Pioneer urges fund buyers into European equities

Investors should increase allocations to equities, including European equities, as not since the 1950s has the asset class been so cheap compared to bonds and cash, an audience of fund buyers heard last week at a Pioneer Investments conference.

Giordano Lombardo, chief investment officer and deputy chief executive of Pioneer, said: “It’s absolutely right to consider risky assets and particularly equities. They offer better value than any other alternatives, especially bonds, and they have a better risk-reward profile in the longer run.”

Lombardo said that he expected European equities, which have more attractive valuations compared to the US partly because of investor scepticism towards the eurozone, to be one of the top performing asset classes in the near future.

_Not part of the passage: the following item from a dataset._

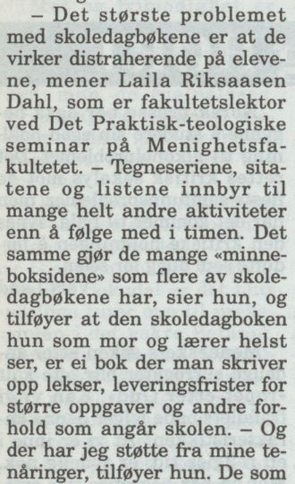 Laila Riksaasen Dahl er pensjonert biskop i Tunsberg. I 1991 hadde hun som misjon å få slutt på trusselen mot den gudegitte orden i klasserommet: skoledagbøker.

Diego Franzin, head of equity – Europe at Pioneer, said: “If you compare it to cash and bonds it does not happen very often that equities are so cheap in comparison. It last happened in the ‘50s when the ‘cult of the equity’ was born.”

Pioneer, which has €165 billion under management, increased its allocation to European equities when its sentiment turned positive relative to a previous preference for US equities in June last year. Notably, this was before the July announcement by Mario Draghi, president of the European Central Bank, to do “whatever it takes” to save the eurozone from collapse. The climb in equities markets across Europe in recent months can be dated to that speech.

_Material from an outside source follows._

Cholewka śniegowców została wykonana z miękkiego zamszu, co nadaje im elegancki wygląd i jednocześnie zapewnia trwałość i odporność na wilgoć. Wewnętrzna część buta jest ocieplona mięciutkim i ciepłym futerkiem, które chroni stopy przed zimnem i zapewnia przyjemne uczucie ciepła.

Lombardo told the conference of international fund buyers that both the chief investment officer of a European insurance company, and an Asian sovereign wealth fund, had told him in recent months that they would like to invest in European equities.

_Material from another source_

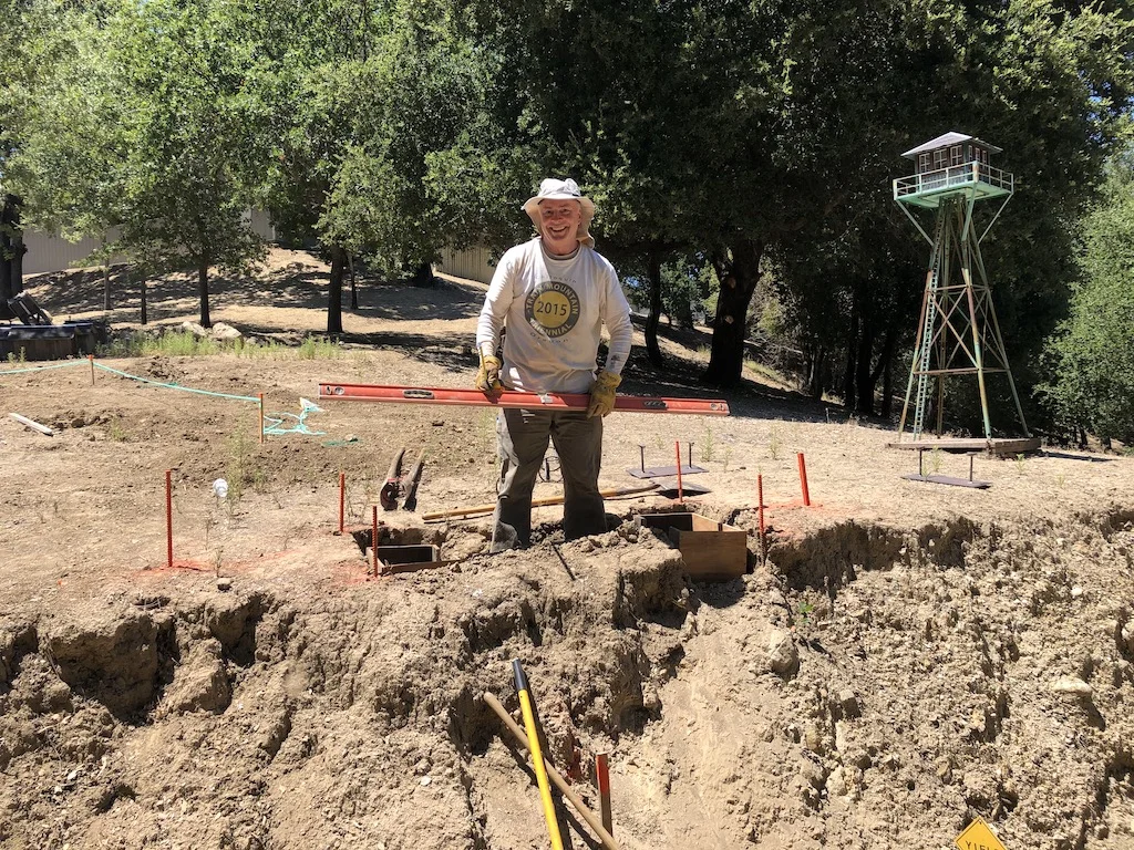 The July run weekend morphed into two workdays with guest trains passing through every so often. With Help from Ed Holland, Kevin continued with his survey work while Bruce dug and formed the grade beam for the Lumber Camp Bridge’s steel truss section. No cement was poured as it was over 90 degrees by the time the forms were complete.

A recognition that austerity had been the wrong policy response to low growth, and an easing of austerity measures, support the macroeconomic case, said Lombardo.

“A lot of ground has been covered in terms of austerity. The additional level of austerity will be much less if not close to zero.”

He pointed out that countries including France and Spain had been given longer to reach their budgetary targets.

However, he also warned that the failure of the transmission mechanism – the banks, which were supposed to channel the liquidity created by monetary authorities into the real economy – was behind increased asset prices, benefiting mainly the wealthy.

An increase in lending is the next sign that could carry eurozone equities forward, Lombardo said, and he pointed to the recent deal for KfW, the German development bank, to lend €800 million to Spanish small and medium enterprises as a positive step.

But Lombardo also warned against a possible bubble in dividend-paying equities.

Though he said this was not a near-term danger, he said a result of the search for income by investors could be inflated asset prices, both in bonds and income equities.

High dividend-paying equities have been in favour for many funds in recent years.

“The important thing is knowing when at some stage you are buying beyond the fundamentals.”

The Pioneer conference was held in Dublin, where the firm has one of its investment hubs. Funds Europe was the media partner.